Methods: A phase 2b, multicenter, double-blind, placebo-controlled, randomized trial was conducted in subjects undergoing bunionectomy at eight sites across the USA (ClinicalTrials.gov, NCT06017999). Qualified subjects were randomized (1:1:1) to receive either 1250 mg or 750 mg of XG005 tablets, or placebo. The study drug was administered one hour before surgery and every 12 hours for 72 hours in domiciled centers. The primary efficacy endpoint was summed pain intensity over a 48-hour period (SPI48) for the 1250 mg XG005 versus placebo, measured with the Numeric Pain Rating Scale (NPRS, 0–10, higher score indicates greater pain) at 16 time points post-surgery. The key secondary efficacy endpoint was SPI48 for the 750 mg XG005 versus placebo. Rescue analgesics use, sleep interference and safety were monitored. Serial gatekeeping multiple adjustments were used for the analysis of the primary and the key secondary efficacy endpoints.

Results:

This trial randomized 450 participants (median age, 48 years; 80% female) with comparable demographic and baseline characteristics across groups. The least-squares mean (LSM) (SE) of SPI48 for the 1250 mg XG005 group (n=152) vs placebo (n=149) was 132.6 (8.0) vs 286.0 (8.2) (P< 0.0001, Cohen’s d=1.55), reflecting an average of 54% pain relief. For the 750 mg group (n=149) vs placebo, the LSM (SE) of SPI48 was 157.9 (8.3) vs 289.5 (8.5) (P< 0.0001, Cohen’s d=1.28), representing an average of 45% improvement in pain. SPIs at each nominal timepoint from 2 to 72 hours were significantly better in the XG005 groups compared to the placebo group (P< 0.0001). The LSM differences of SPIs between 1250 mg and 750 mg XG005 were statistically significant at each nominal timepoint from 16 to 54 hours, with the 1250 mg group showing a greater benefit (P< 0.05). The pain intensity score was statistically lower in both active arms than placebo from hour 1 to hour 72 post-surgery (P< 0.0001); the maximum pain was mild (mean NPRS=3.8) in severity in the high dose arm, in contrast to severe pain (mean NPRS= 7.2) in the placebo arm. Rescue medication was spared by 42.8% (65/152), 33.6% (50/149), and 2.7% (4/149) participants in the 1250 mg, 750 mg, and placebo groups, respectively. Hazard ratios (95% CI) for time to initiate rescue medication were 0.18 (0.14-0.25, P< 0.0001) for 1250 mg and 0.24 (0.18-0.31, P< 0.0001) for 750 mg vs placebo. The median time to first use of rescue medications was delayed 8-fold or 3-fold for the high or low dose XG005 compared with the placebo. Tramadol consumption in the placebo group was 4.1- or 3.0-fold more than in the 1250 mg or 750 mg groups over 72 hours, and those were 3- or 2.5-fold in acetaminophen consumption. Sleep was moderately disturbed in the placebo group for the first 24 hours post-surgery, while XG005 groups were spared. Mild somnolence, dizziness and constipation were more common in active groups. Eight (2.7%) participants in active groups and one (0.7%) in placebo discontinued treatment due to adverse events.

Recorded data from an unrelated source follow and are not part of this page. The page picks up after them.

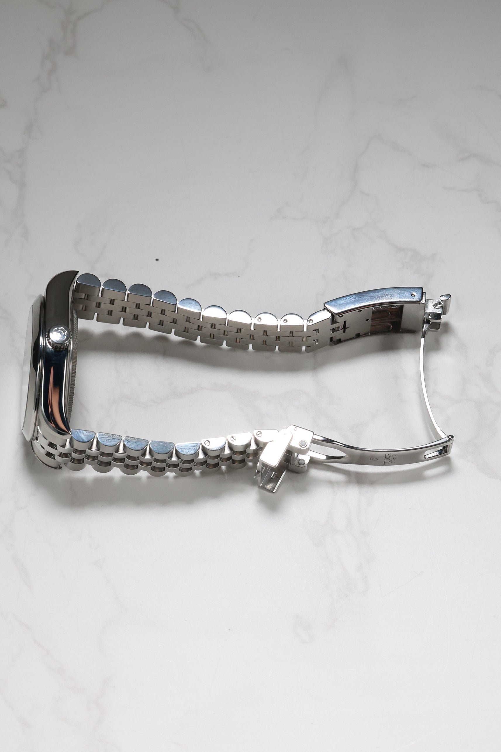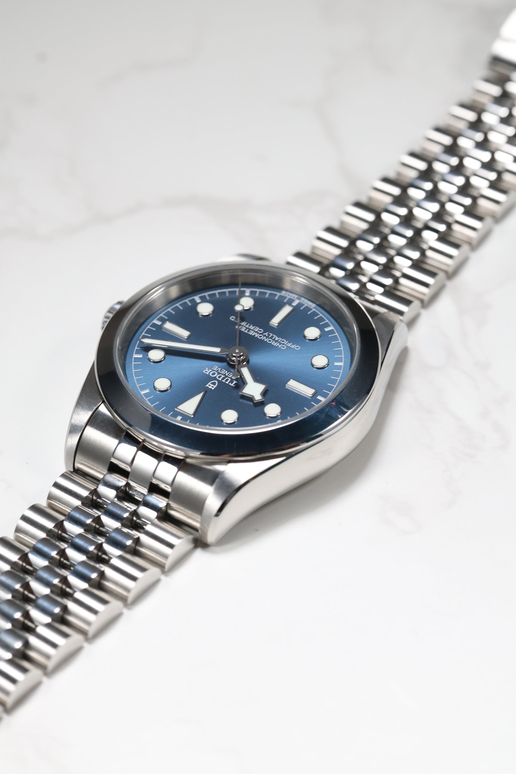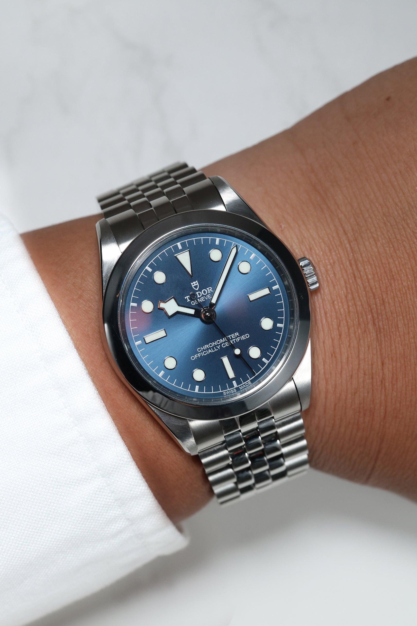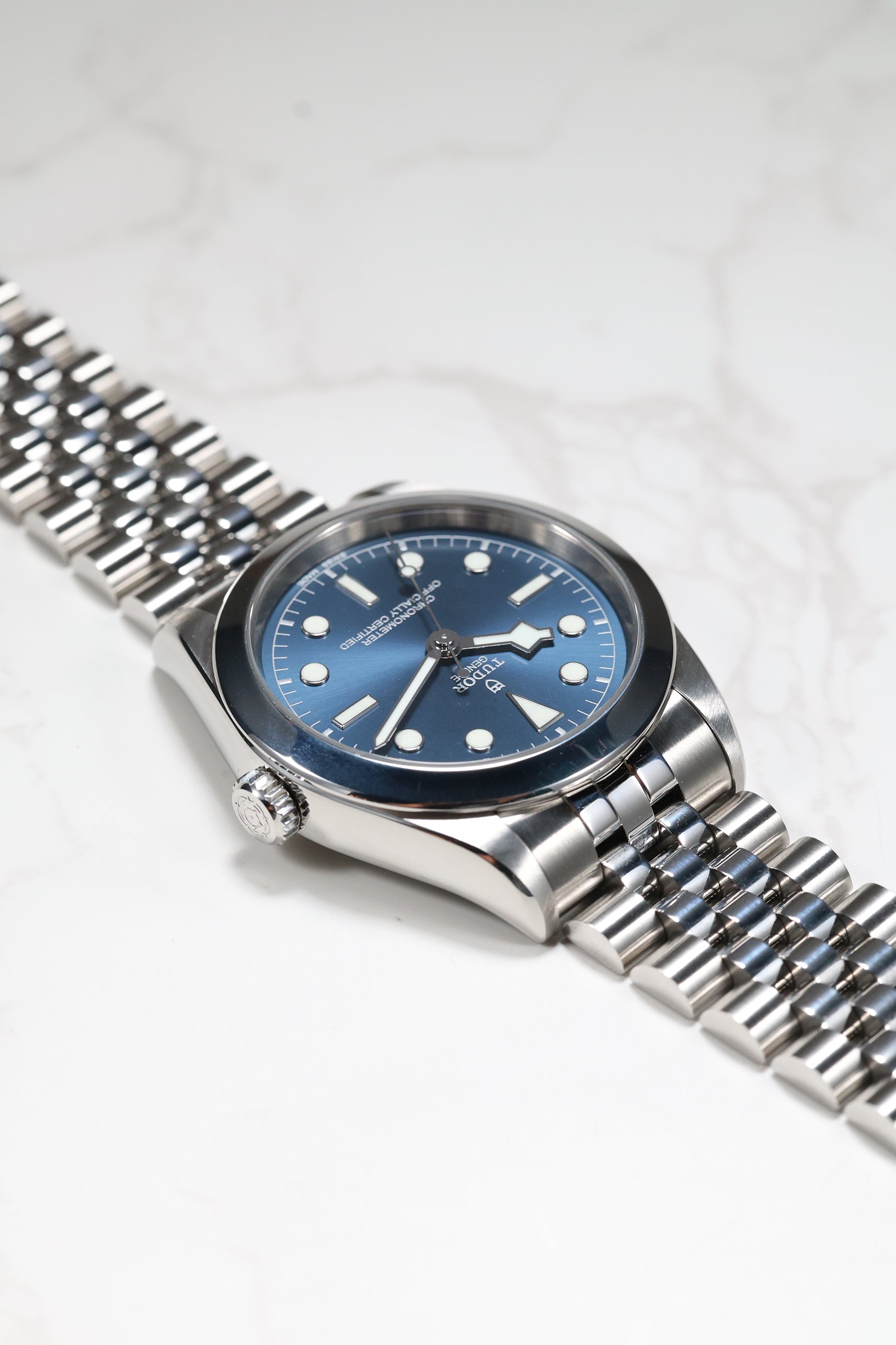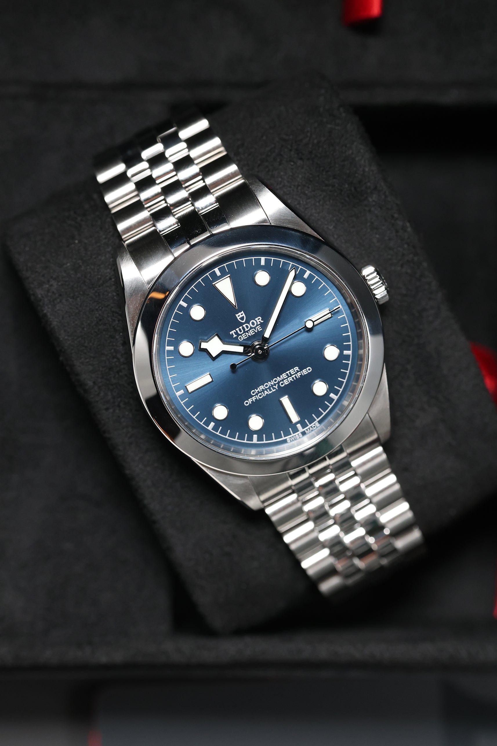 This Tudor Black Bay 39 is impeccably fitted with a sophisticated five-link stainless steel bracelet. This design offers exceptional comfort and a refined drape on the wrist, complemented by Tudor’s innovative T-fit rapid adjustment clasp for seamless micro-adjustability. For collectors seeking a watch that captures Tudor’s robust technical performance in a sleeker, more understated package, this blue-dial Black Bay 39 stands out as a quiet powerhouse that delivers style, substance, and enduring versatility.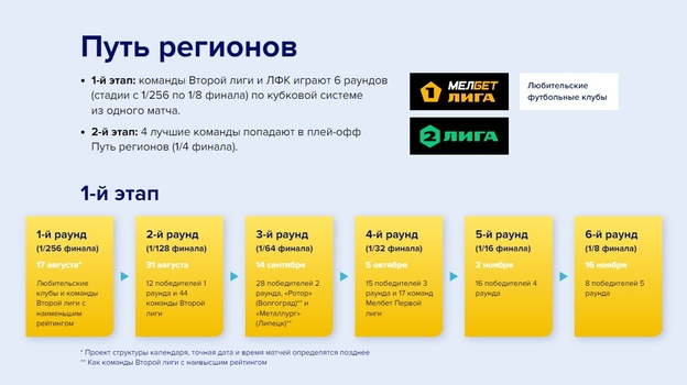 1-й этап: команды второй лиги и ЛФК играют 6 раундов (стадии с 1/256 по 1/8 финала) по кубковой системе из одного матча.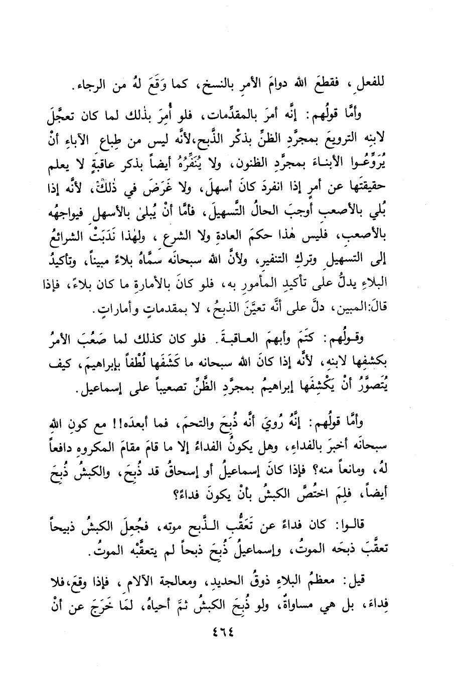 وأمَّا قولُهم: إنَّه أمرَ بالمقدِّمات، فلو أمِرَ بذلك لما كان تعجلَ لابنِه الترويعَ بمجرَّدِ الظنِّ بذكْر الذَّبح، لأنَه ليس من طِباعِ الآباءِ أنْ يُرَوعُوا الأبناءَ بمجردِ الظنون، ولا يُنَفرُهُ أيضاً بذكر عاقبةٍ لا يعلم حقيقتَها عن أمرٍ إذا انفردَ كانَ أسهلَ، ولا غَرَضَ في ذلك، لأنَّه إذا بُلي بالأصعب أوجبَ الحالُ التسهيلَ، فأمَّا أنْ يُبلى بالأسهلِ فيواجهُه بالأصعب، فلَيس هذا حكمَ العادةِ ولا الشرع، ولهذا نَدَبَتْ الشرائعُ إلى التسَهيلِ وتركِ التنفيرِ، ولأن الله سبحانه سَماهُ بلاءً مبيناً، وتأكيدُ البلاءِ يدلُّ على تأكيدِ المأمورِ به، فلو كانَ بالأمارةِ ما كان بلاءً، فإذا قالَ: المبين، دلَّ على أنه تعيَّنَ الذبحُ، لا بمقدماتٍ وأماراتٍ.

Conclusions/Implications for future research and/or clinical care:

XG005 as a non-opioid analgesic dose-dependently reduced acute post-operative pain with a large effect size, dramatically cut down opioid consumption and spared post-operative sleep disturbance. In comparison with other analgesics to treat acute pain using the same bunionectomy model with the same efficacy endpoint (SPI48) or Summed Pain Intensity Difference at 48 hours (SPID48), the pooled mean effect sizes are: 0.59 with various NSAIDs, 0.52 with various opioids combination with either acetaminophen or NSAIDs, 0.88 with tapentadol (an opioid) and 0.36 with a Nav1.8 antagonist. Thus, XG005 demonstrated more than 3-fold stronger analgesic effects than opioid combination products, along with favorable safety profile. XG005 has the potential to replace opioids for perioperative and other acute pain management, change the treatment algorithm for acute pain and modify policy on opioid use. Immediate future trials will include testing the molecule in other acute pain models with head-to-head comparisons to existing analgesics including opioids.